> **Problem statement**:
Each entry is to be reproduced verbatim, and images are to be omitted.

> **Records provided**:
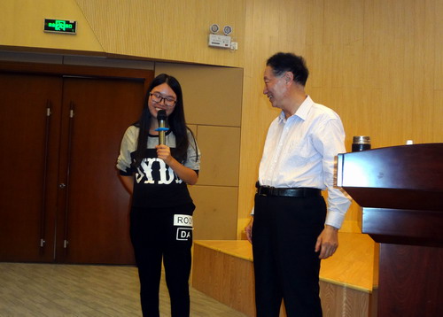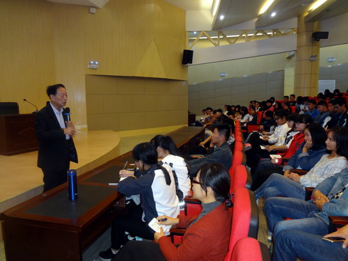 陈教授的讲座精彩纷呈,极具特色,始终与同学们互动,把同学们的热情激发出来,台下掌声不断。在整个演讲过程中,陈忠教授不断鼓励新生要树立自信心,把读大学当做人生的新起点,珍惜大好时光,充分利用学校的学习资源,大胆向老师请教、交流探讨,增长见识,增长技能。70多岁高龄的陈忠教授始终坚持站着为同学们作了两个多小时的讲座,他的精神令人感动与鼓舞,为同学们怎样读大学指明了方向,输入了满满的正能量。
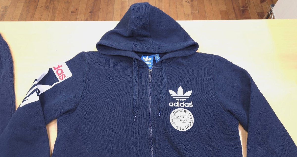 良品 アディダス トレフォイユ スウェット ジップアップパーカー + パンツ セットアップ 紺/ネイビー US/M J/Oサイズ
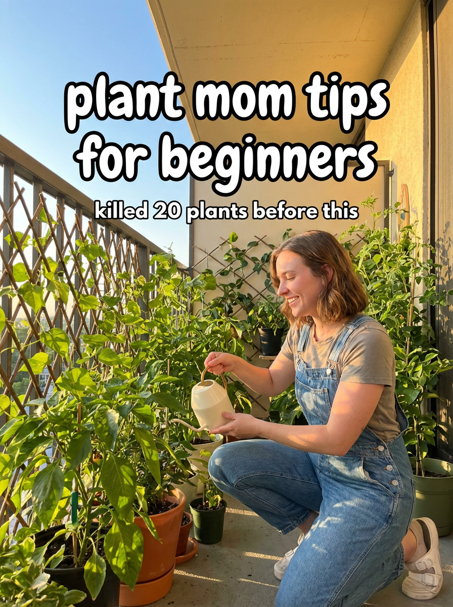 model in gardening outfit tending to plants in apartment or balcony garden, natural sunlight, green plants everywhere. TikTok-style text overlay with white text with black outline: "plant mom tips for beginners" smaller text: "(killed 20 plants before this)" , do not show tiktok interface or logo
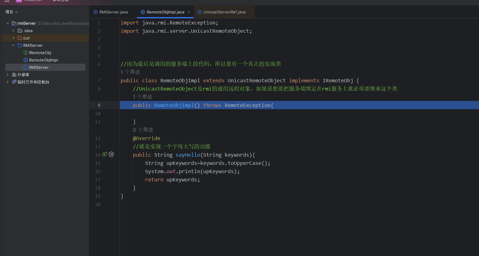 //UnicastRemoteObject是rmi的通用远程对象,如果说想要把服务端绑定在rmi服务上就必须要继承这个类
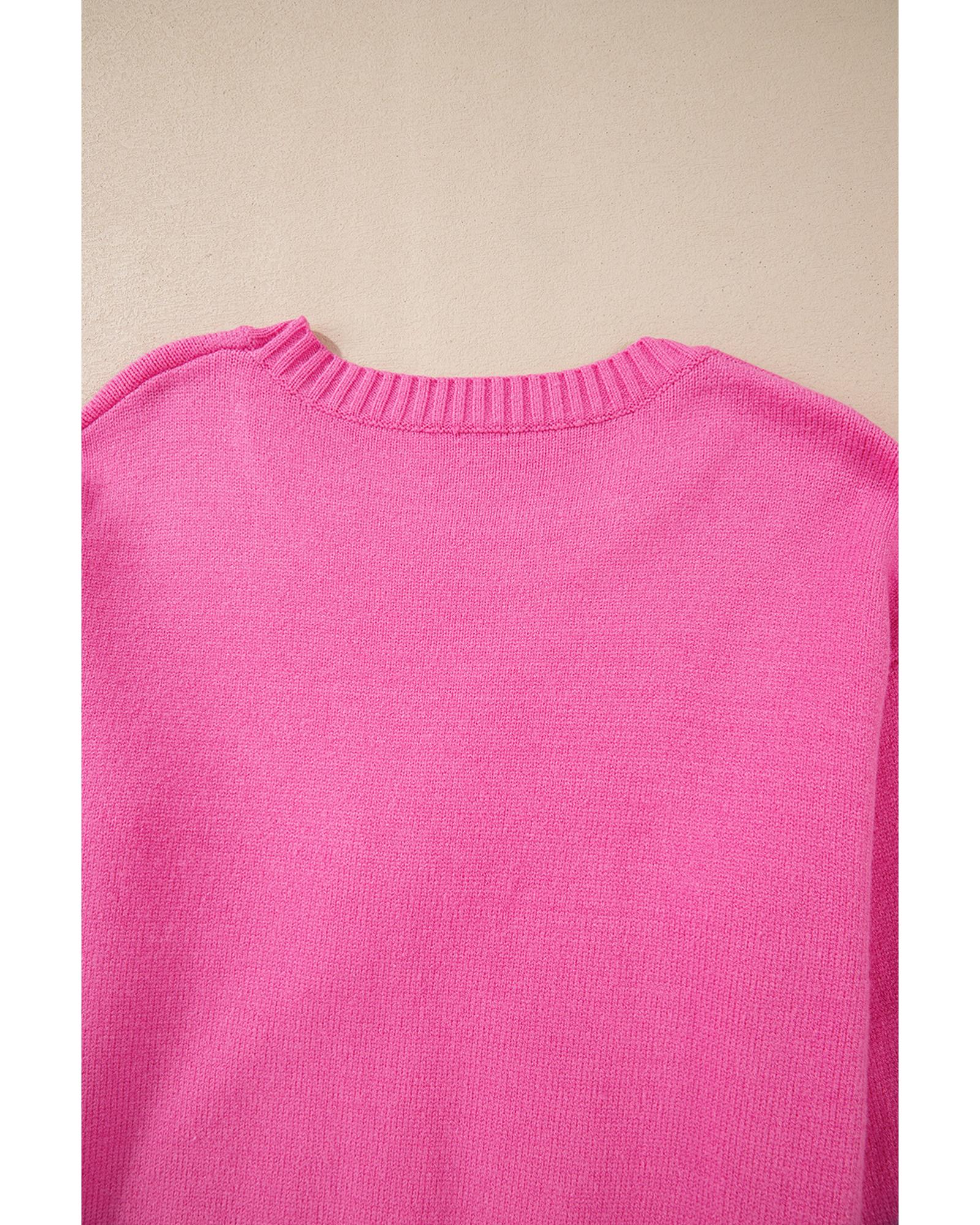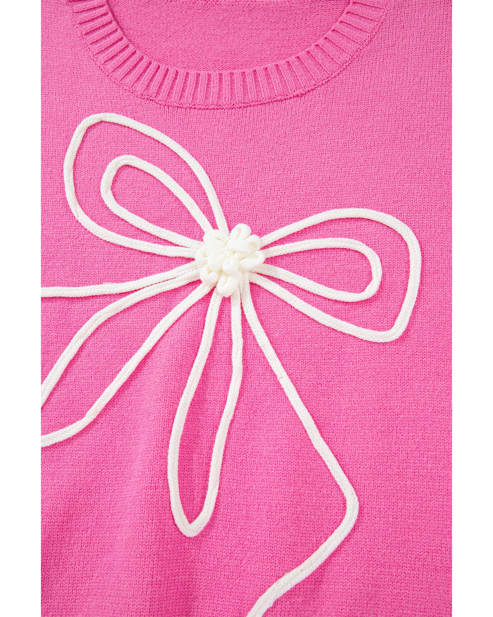 Bright Pink Corded Flower Bow Ribbed Trim Casual Sweater – S

> **Output**:
 陈教授的讲座精彩纷呈,极具特色,始终与同学们互动,把同学们的热情激发出来,台下掌声不断。在整个演讲过程中,陈忠教授不断鼓励新生要树立自信心,把读大学当做人生的新起点,珍惜大好时光,充分利用学校的学习资源,大胆向老师请教、交流探讨,增长见识,增长技能。70多岁高龄的陈忠教授始终坚持站着为同学们作了两个多小时的讲座,他的精神令人感动与鼓舞,为同学们怎样读大学指明了方向,输入了满满的正能量。
 良品 アディダス トレフォイユ スウェット ジップアップパーカー + パンツ セットアップ 紺/ネイビー US/M J/Oサイズ
 model in gardening outfit tending to plants in apartment or balcony garden, natural sunlight, green plants everywhere. TikTok-style text overlay with white text with black outline: "plant mom tips for beginners" smaller text: "(killed 20 plants before this)" , do not show tiktok interface or logo
 //UnicastRemoteObject是rmi的通用远程对象,如果说想要把服务端绑定在rmi服务上就必须要继承这个类
 Bright Pink Corded Flower Bow Ribbed Trim Casual Sweater – S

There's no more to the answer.